Ve çok önemsiz olduğumuz bu dünya bu yaşam için her şeyi gereğinden fazla kaygılı yaşıyoruz. En ufak şeyleri bile stres haline getirip şu kısacık hayatı kendimize katlanılmaz hâle getiriyoruz.

Bir amacımızın veya değerimizin olmadığına inandığımız zaman tutunacak bir dalımız kalmıyor ve her kapı umutsuzluğa, karamsarlığa, çözülemeyen, yığınla biriken düşünceler çöplüğüne götürüyor bizi.

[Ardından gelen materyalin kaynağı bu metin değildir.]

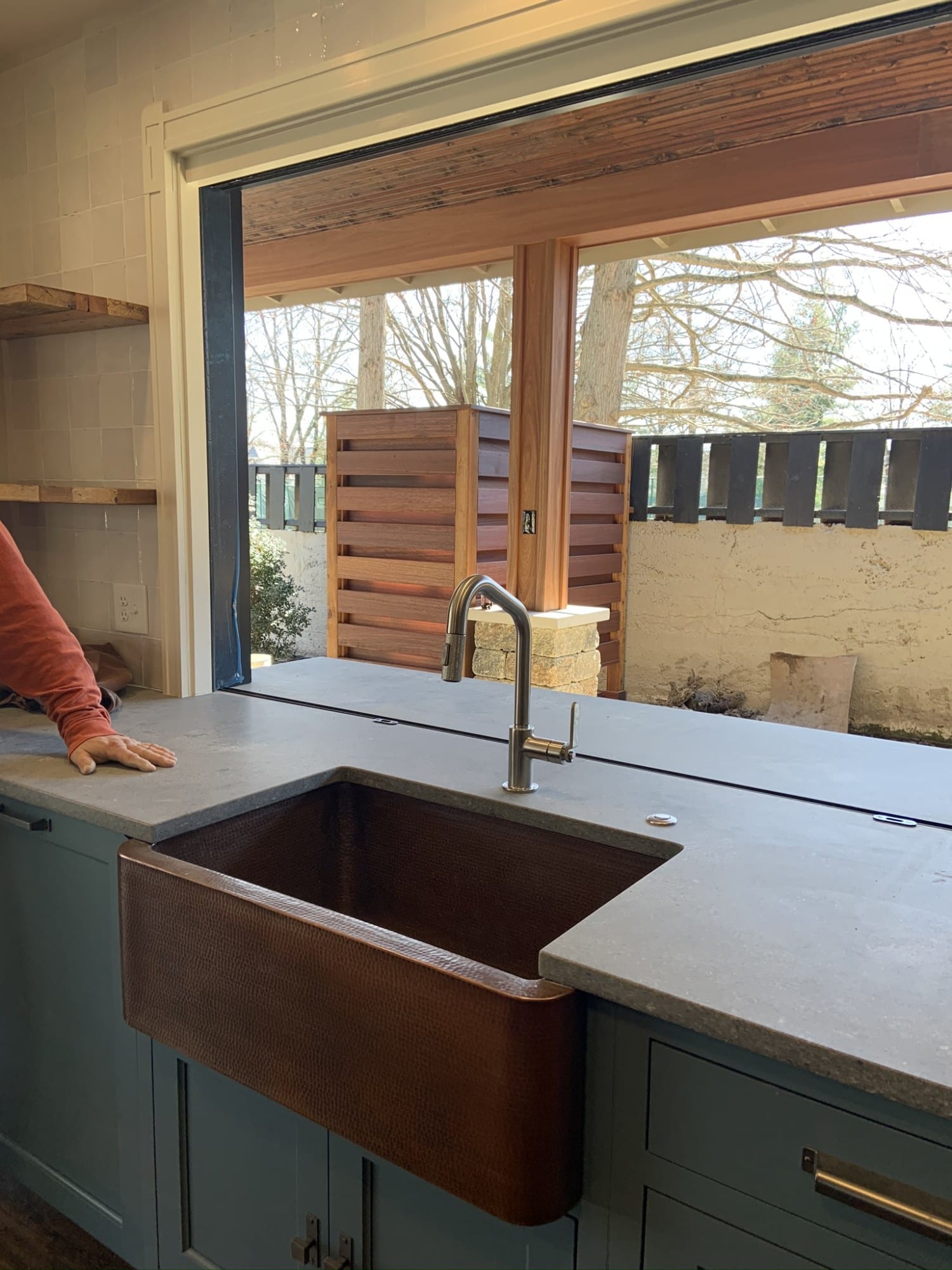 In collaboration with Designer Wendy, the family created a space that has evolved to have many different functions while still ringing true to their pool house dreams. From an outdoor shower, retractable glass doors, and impromptu bar, the pool house has become a sanctuary. Even with these modern details, the casita mirrors the age of their home.

Bazı çıkmazlar için sizi etkisi altına alan kötü, olumsuz, düşünce ve olayları evrenin tamamı açısından görebildiğiniz zaman aslında olayın evrende bir tozdan bile farkı olmadığını, sadece sizin zihninizde ne kadar büyük bir sorun olarak yer kapladığını anlayacaksınız. Ve bu saatten sonra umursamazca bir rahatlık gelebilir. Ama bunu da kontrollü bir şekilde yapmamız gerekiyor. Yoksa bu işin sonu da her şeyi boş vermişliğe kadar gidebiliyor. Nereden mi biliyorum :)

Bu durum ömür boyu sürecek ve bizler sürekli çözüm yolları arayıp duracağız ya da pes edip anlamsızlığı kabulleneceğiz.


Asıl ve gerçek anlam ise kendimize değer verdiğimiz zaman hissettiğimiz duygularda olacak.
Sadece kendimizin doldurarak anlam kazandırabileceği kocaman bir boşluğun içinde yaşıyoruz.